First, it is a challenge to run models with many predictors using methods such as logistic regression. Although this method provides values for a substantial number of variables, explaining an intention to quit is more difficult to assess than an intention to remain.

Second, the use of methods such as neural networks enables models with more predictors to be defined, broadening the amount of information obtained about volunteers’ decisions. In our case, it yielded an almost perfect prediction in which, even after cross-validation, only one of the 249 observations was incorrectly assigned, greatly exceeding the performance of logistic regression techniques.

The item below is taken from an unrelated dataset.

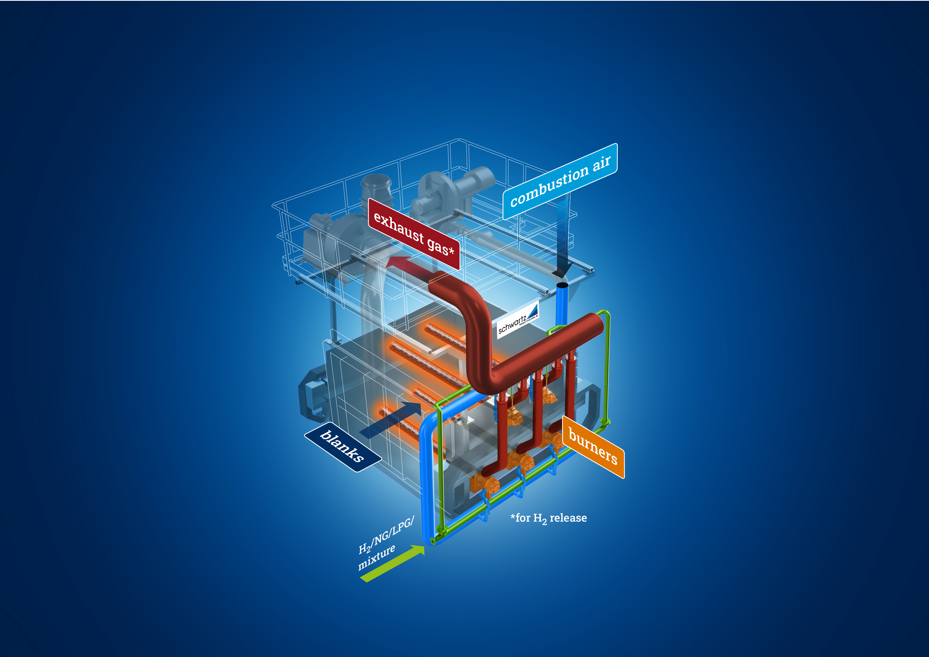 At its heart are innovative multi-fuel burners developed by our daughter Econova GmbH. These burners can run on hydrogen, natural gas and gas mixtures, combining high operational flexibility with constant power output.

The most important predictors were volunteer management and volunteer profile. Dissatisfaction with the NGO (pertaining to experience) was also one of the major inputs. Thus, the neural networks analysis identified variables from each of the three groups as some of the most important predictors of volunteers’ intentions to remain or quit.

Third, the neural network output cannot be interpreted directly as occurs with logistic regression. Nevertheless, employing explainable learning techniques (in our case, LIME) enabled the observation of highly interpretable information, facilitating individual detection of the reasons underlying volunteers’ decisions to quit an NGO. This approach could be extremely valuable for NGOs and other organisations, given that our results indicate the substantial impact of “lack of integration” on volunteers’ decisions to quit. This result did not appear in the logistic regression analysis.

Future studies could apply neural networks with different models and additional variables. The methodology could be used in other countries and cities to find similarities and differences in results. Working with bigger samples might help to evaluate the impact of size on results.